▶ **What the task asks**
Report the number of lines in these entries that contain "kakao". Write only the number.

▶ **Data section**
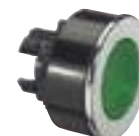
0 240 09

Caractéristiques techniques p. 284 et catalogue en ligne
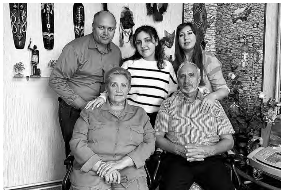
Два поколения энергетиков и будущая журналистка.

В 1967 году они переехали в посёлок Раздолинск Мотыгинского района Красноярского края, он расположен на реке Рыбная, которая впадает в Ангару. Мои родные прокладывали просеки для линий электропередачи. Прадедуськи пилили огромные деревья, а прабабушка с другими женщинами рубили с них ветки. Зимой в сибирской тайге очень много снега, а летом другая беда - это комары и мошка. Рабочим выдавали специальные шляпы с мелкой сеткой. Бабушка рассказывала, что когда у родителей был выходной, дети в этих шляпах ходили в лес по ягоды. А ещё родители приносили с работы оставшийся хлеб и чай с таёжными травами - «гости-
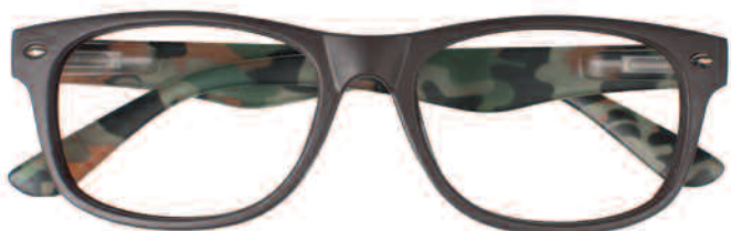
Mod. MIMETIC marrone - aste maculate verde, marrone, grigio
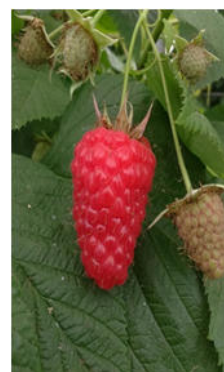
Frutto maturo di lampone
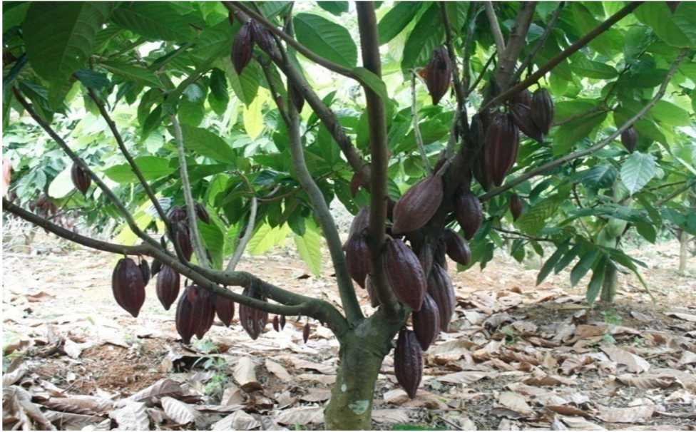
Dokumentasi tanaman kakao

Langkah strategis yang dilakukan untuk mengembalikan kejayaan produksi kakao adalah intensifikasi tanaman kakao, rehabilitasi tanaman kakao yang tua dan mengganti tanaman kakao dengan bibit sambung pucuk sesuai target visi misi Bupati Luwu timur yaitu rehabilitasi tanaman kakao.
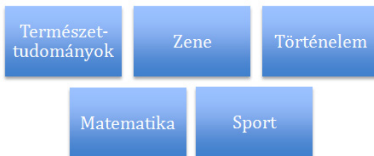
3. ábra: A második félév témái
---
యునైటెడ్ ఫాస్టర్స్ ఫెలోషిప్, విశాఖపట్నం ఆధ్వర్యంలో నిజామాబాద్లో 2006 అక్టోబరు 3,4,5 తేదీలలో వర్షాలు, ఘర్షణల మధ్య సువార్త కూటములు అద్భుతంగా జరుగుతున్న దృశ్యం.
...
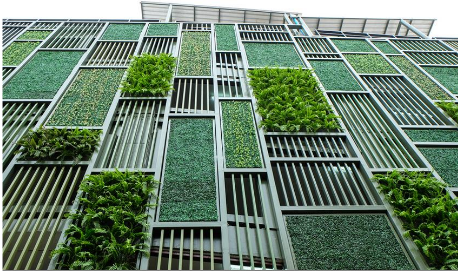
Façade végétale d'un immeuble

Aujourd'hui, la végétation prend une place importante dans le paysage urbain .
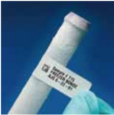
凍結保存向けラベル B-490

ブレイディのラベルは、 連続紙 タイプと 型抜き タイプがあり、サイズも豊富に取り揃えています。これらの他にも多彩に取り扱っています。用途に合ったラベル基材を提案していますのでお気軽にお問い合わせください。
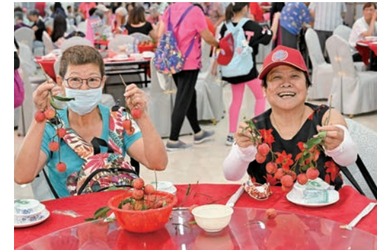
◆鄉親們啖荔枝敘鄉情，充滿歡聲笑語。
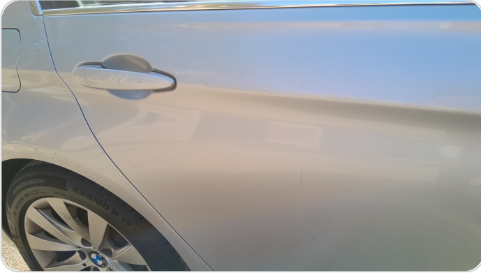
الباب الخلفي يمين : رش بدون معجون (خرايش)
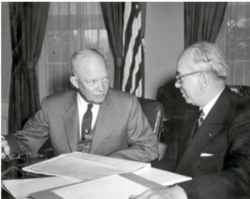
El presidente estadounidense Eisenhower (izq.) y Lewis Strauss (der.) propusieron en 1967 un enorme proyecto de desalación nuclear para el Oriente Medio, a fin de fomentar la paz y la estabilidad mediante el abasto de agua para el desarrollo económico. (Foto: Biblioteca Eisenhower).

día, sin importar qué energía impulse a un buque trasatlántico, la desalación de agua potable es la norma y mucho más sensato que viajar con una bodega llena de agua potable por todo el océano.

▶ **Task solution**
2